▸ **What the task requires**: Each line of the data below goes into the copy exactly; pictures do not.

▸ **Dataset content**:
◇ ◇ ◇ ◇ ◇

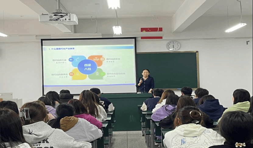 党委副书记、校长陈颖以“你对产业的了解有哪些?”为导入,从现代化产业体系的深刻意蕴、产业体系建设的现状与挑战、现代产业体系建设的着力点等方面,结合学生专业实际、职业教育与产业关系、云南的“产业强省”战略等,采用大量实例,为学生讲解了“大力推进现代化产业体系建设”专题。
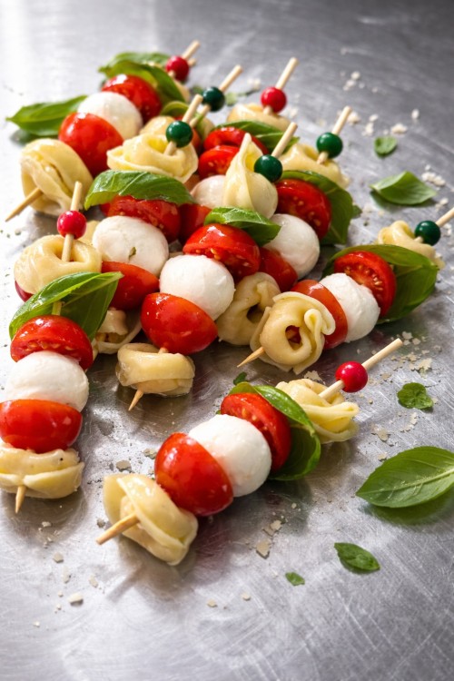 Prikker met gevulde pasta, tomaatje, mozzarella en basilicum.
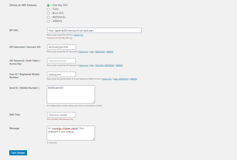 - Send To ( Mobile Number ) – Phone Numbers that you want to send to, you can use WPCargo Merge Tags.( Ex. {wpcargo_shipper_phone},{wpcargo_receiver_phone} ).
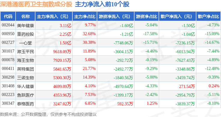 资金流向方面,深港通医药卫生(983023)指数成份股当日主力资金净流入合计5.37亿元,游资资金净流出合计6.42亿元,散户资金净流入合计1.06亿元。成份股资金流向详情见下表:

◇ ◇ ◇ ◇ ◇

▸ **Answer space**:
 党委副书记、校长陈颖以“你对产业的了解有哪些?”为导入,从现代化产业体系的深刻意蕴、产业体系建设的现状与挑战、现代产业体系建设的着力点等方面,结合学生专业实际、职业教育与产业关系、云南的“产业强省”战略等,采用大量实例,为学生讲解了“大力推进现代化产业体系建设”专题。
 Prikker met gevulde pasta, tomaatje, mozzarella en basilicum.
 - Send To ( Mobile Number ) – Phone Numbers that you want to send to, you can use WPCargo Merge Tags.( Ex. {wpcargo_shipper_phone},{wpcargo_receiver_phone} ).
 资金流向方面,深港通医药卫生(983023)指数成份股当日主力资金净流入合计5.37亿元,游资资金净流出合计6.42亿元,散户资金净流入合计1.06亿元。成份股资金流向详情见下表:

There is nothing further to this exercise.